In his lecture titled “Mr. Pamuk, did all this really happen to you?”, the author addresses that question that every writer faces from his readers, the question that forced Flaubert to exclaim, when repeatedly asked who Madame Bovary was modelled on: “I am Madame Bovary.” While Pamuk says clearly that he is not Kemal, the hero of his huge novel The Museum of Innocence , he is also aware that it is impossible to convince readers of this fact and also that partially he wants readers to believe that he is Kemal. The novelist expresses his own experience, his way of seeing things, through the experience and the reactions of his characters and it is this power that brings the text to life in the imagination of the reader. When a perceptive reader tells Pamuk: “I know you so well, you'd be surprised,” he is overcome with guilt and embarrassment. It was not the writer's factual details or even his personal habits and views that the reader was referring to but “a deeper, more intimate, more secret thing.” Pamuk realises that the reader had come to know his sensory experiences: “how I feel when I inhale the scent of rain-soaked earth, when I get drunk in a noisy restaurant, when I touch my father's false teeth after his death, when I regret that I am in love, when I get away with a small lie I have told……” and it is this knowledge of intimacy that embarrasses him in front of the reader. This ambiguity between the real and imagined is but one of the fascinating characteristics that makes the novel the unsurpassable genre that it is and it is clear that the more the novelist succeeds in blending his naïve and his sentimental sides, the better the novel.

Pamuk also takes head-on the issue of character against plot. “Novelists do not first invent a protagonist with a very special soul, and then get pulled along, according to the wishes of this figure, into specific subjects or experiences. The desire to explore particular topics comes first. Only then do novelists conceive the figures who would be most suitable for elucidating these topics.” The plot is nothing but a line that connects several thousands of small points, “large or small spheres of energy” or what Nabokov called “nerve endings” that make up the novel. Each of these nerve endings, even if they be a mere description of landscape, or the snowflakes outside Anna Karenina's train window, “should be an extension of the emotional, sensual and psychological world of the protagonists.”

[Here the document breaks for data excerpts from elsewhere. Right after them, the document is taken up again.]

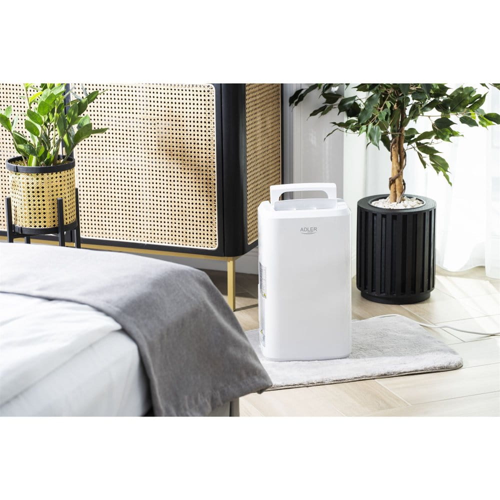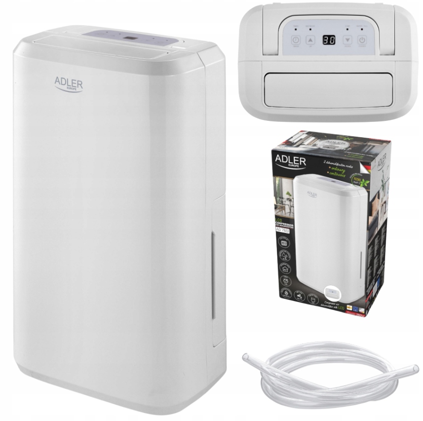 Adler 7861 to kompresorowy osuszacz powietrza o wydajności 10 litrów wody na dobę z wyświetlaczem LCD. Urządzenie ma 2 tryby osuszania: praca przerywana w celu utrzymania zadanego poziomu wilgotności w pomieszczeniu i ciągły. Osuszacz Wyposażony jest precyzyjny czujnik wskazujący aktualny poziom wilgotności w pomieszczeniu. Urządzenie po osuszeniu pomieszczenia do oczekiwanego poziomu wilgotności automatycznie wyłącza kompresor zapewniając cyrkulację powietrza poprzez działający wentylator. Zbiornik na wodę ma pojemność 2,0 litrów, a zapełnienie pojemnika na wodę sygnalizowane jest sygnałem świetlnym i dźwiękowym. Osuszacz powietrza posiada timer od 1 do 24 godzin z funkcją opóźnionego startu. Przepływ powietrza to 150m3/godz.
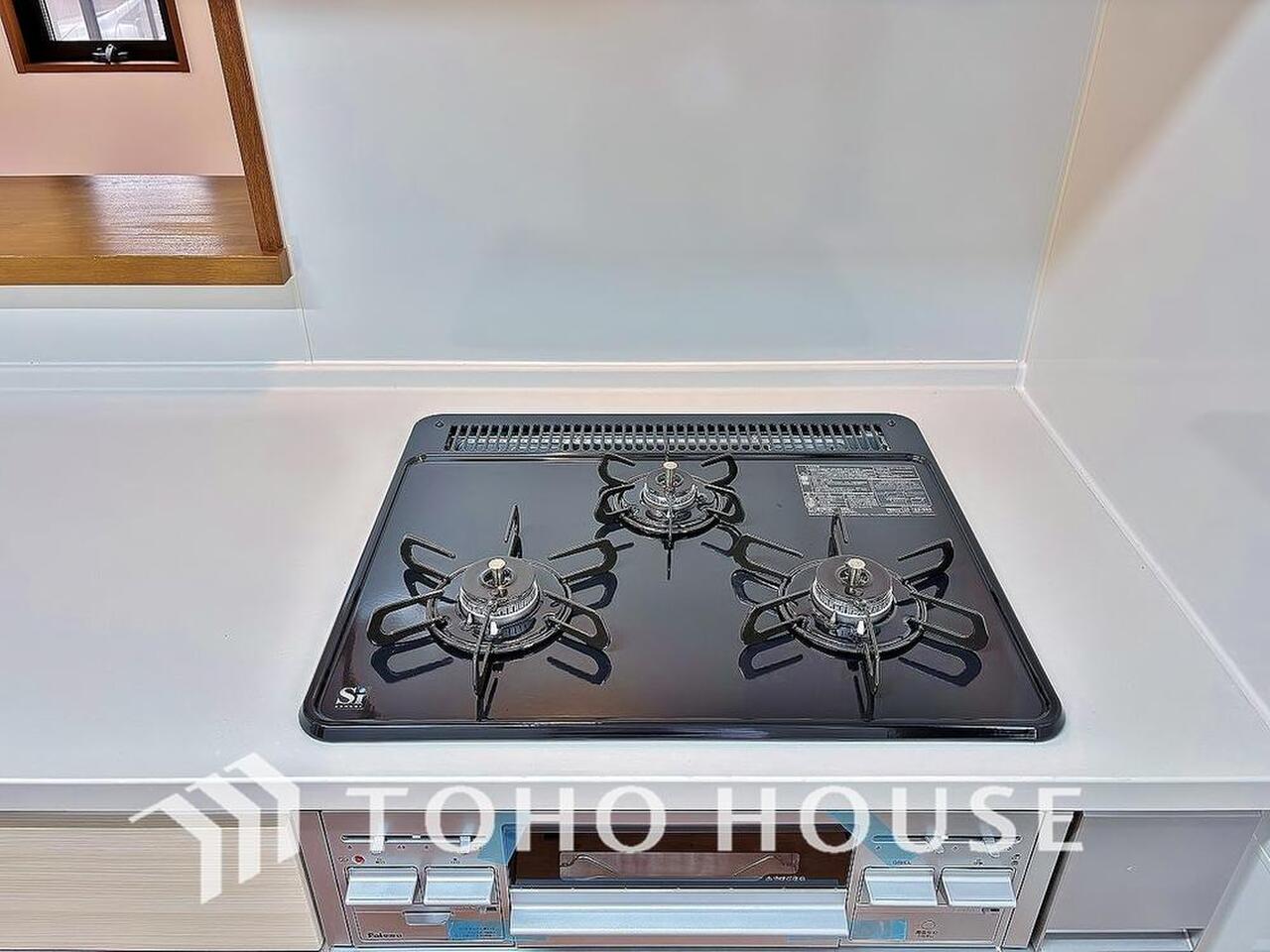 3口コンロは一度に複数のお料理を作ることができるメリットがあります。毎日のキッチンタイムを効率よく。
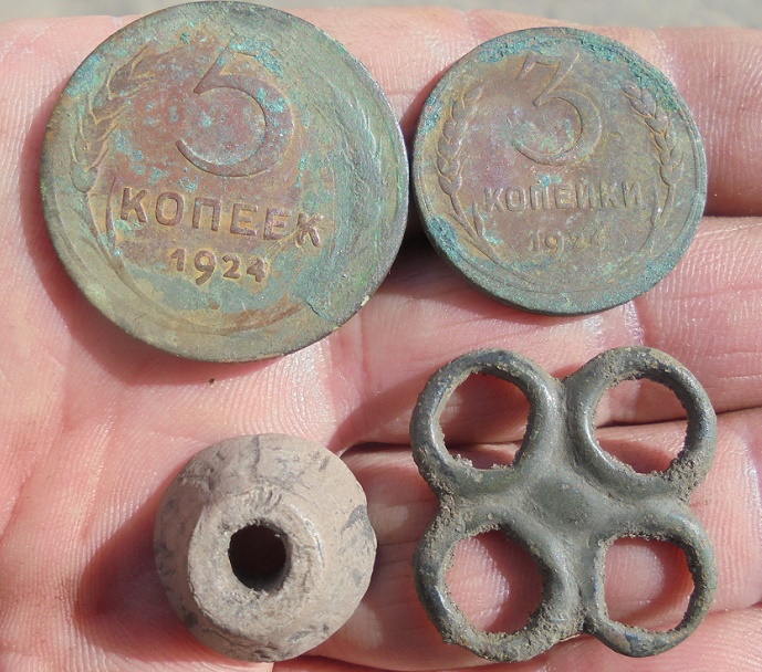 ...какое там серебро, даже не рыжик! :) 1964! Рядом с ним 2 коп 1916 (Николая II) и мелочь аборигенов с 1921 по 1992.... Жаль, дед Шуберт ничего не оставил по этим краям..
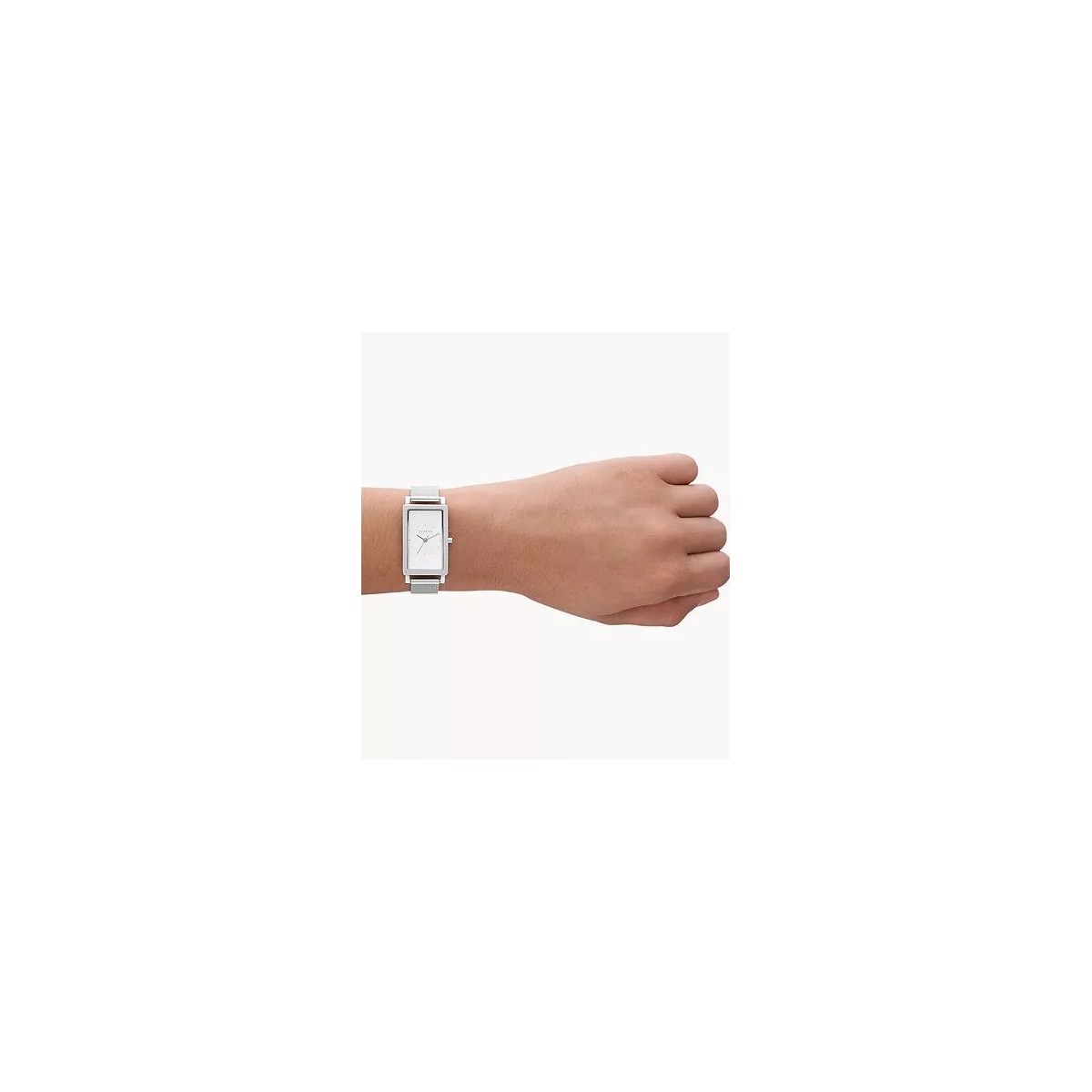 Montre rectangulaire à trois aiguilles en maille d'acier inoxydable Hagen.
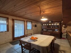 Cette maison comporte : Séjour salon avec insert bois qui chauffe la totalité de la maison, cuisine aménagée, salle de bain et wc indépendant.
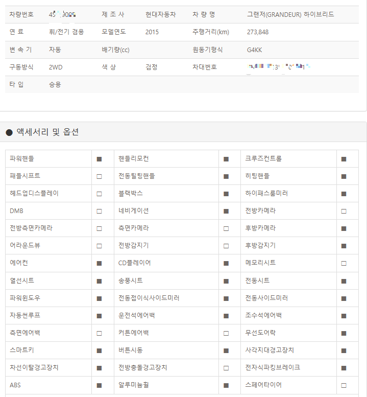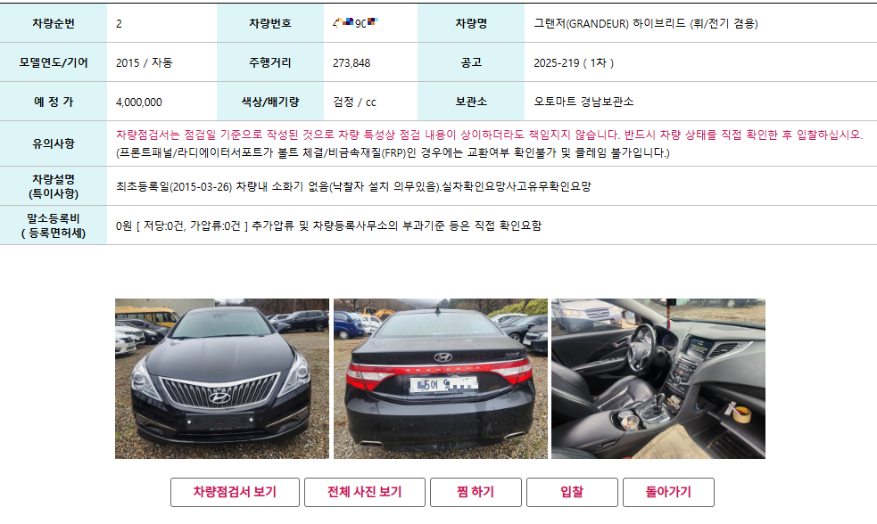 위 차량은 2015년식 그랜져 HG 하이브리드 차량으로 주행거리 27만의 장기 방치 차량이고 부분 교환 차량이라고 명시 되어 있다.

As I finished reading these fascinating lectures, including his ruminations on the similarity between novels and museums — his actual Museum of Innocence is nearing completion in Istanbul — I realised I like meeting Orhan Pamuk on the written page. I only wish I had managed to slip him a note on the crowded front lawns in Jaipur saying that it is the readers, be they naïve, sentimental or occasionally long-winded, who make the writer.